Once the most pirate-infested region on the planet, the waters off the coast of Somalia are now home to a different maritime crime – illegal, unreported and unregulated (IUU) fishing, according to a new report by the Global Initiative Against Transnational Organized Crime.
“The waters off Somalia are some of the richest fishing grounds in the world and are still largely untapped,” the report said. “Following the steady decline in attacks by Somali pirates since 2012, foreign fishing fleets have gradually returned to Somali waters”
Most commonly, the fleets hail from Iran, Yemen and as far as Southeast Asia. However they do not work alone, and are often only able to function thanks to support from Somalia’s notoriously corrupt state institutions, the organization said.

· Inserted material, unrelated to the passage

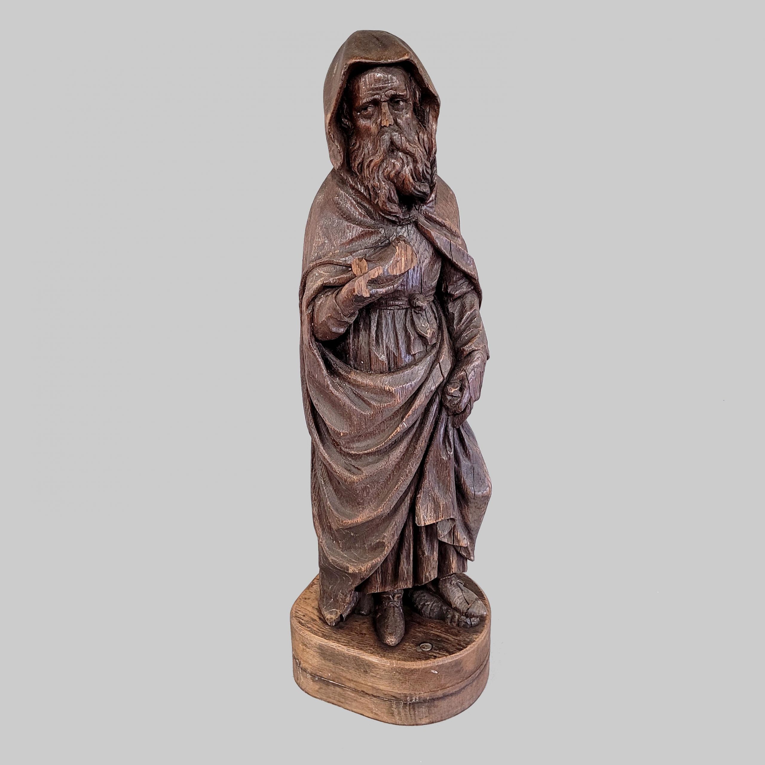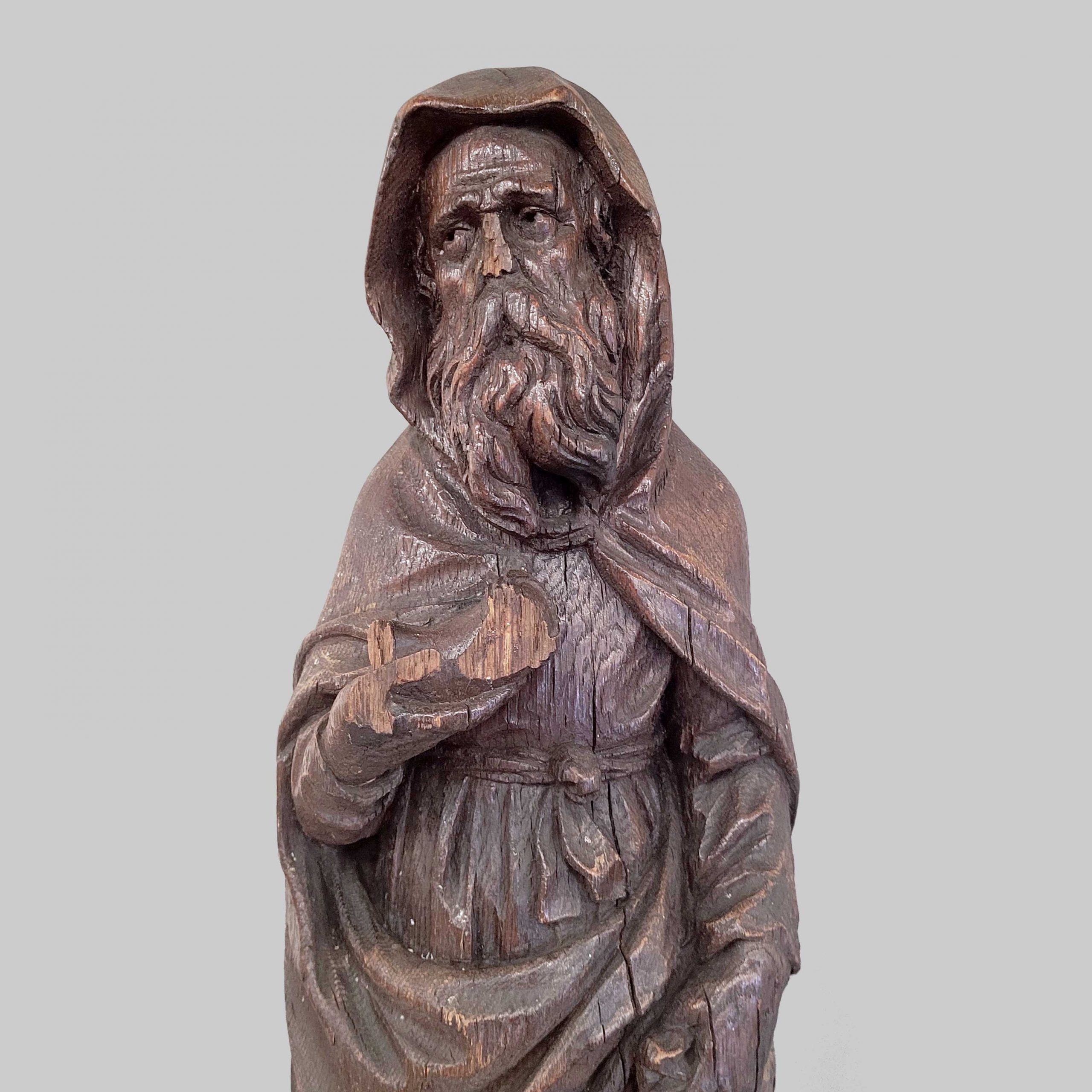 ApostelfigurEiche, vollrund geschnitzt, braun patiniert, Niederrhein oder Flandern, wohl 17. Jahrhundert, Höhe 60 cm (ohne den neueren Sockel)

“IUU fishing in Somalia is in effect a public-private partnership in transnational crime,” Global Initiative explained. “Private fishing operators vie for capture of state bodies in order to lend legitimacy to their IUU fishing operations.”
Four decades of civil war has left the East African nation’s institutions weak and disorganized. Having the support of one office is no guarantee that it will be respected by another.
“Decisions and authorizations issued by one state body are often countermanded by other agents of the state who are under the influence of a different set of private interests,” the report said.
The presence of IUU fishing was also one of the factors that once spurred piracy off the Horn of Africa.
“Domestically, the prevalence of foreign IUU fishing vessels has been frequently cited as a justification for acts of piracy by Somalia-based gangs,” the report said. “Somali pirates have instrumentalized this perception, casting themselves as defenders of Somali waters against foreign exploiters.”
Encouraging piracy, either by the fishermen themselves or to combat them, is far from the only ill-effect IUU can have on a society, according to a report by Interpol in December. It also spawns a large network of organized criminal activity..
“Money laundering, labour exploitation, corruption and forgery are a small sample of serious crimes commonly committed during IUU fishing today,” Interpol said. “Fishing vessels are often also used to smuggle people, drugs and firearms, as well as to carry out piracy or terrorist attacks.”
Somalia is no exception.
“Rampant corruption within Somali state institutions continues to foster a dynamic whereby foreign fishing actors will have little incentive to purchase legitimate fishing licences from the state when their competitors are able to secure the same rights through extra-legal channels,” the report said.
“So long as this dynamic persists, it will contribute to the environmental destruction of Somalia’s marine resources and undermine the long-term ability of the state to generate legitimate revenue from fisheries,“ it concluded.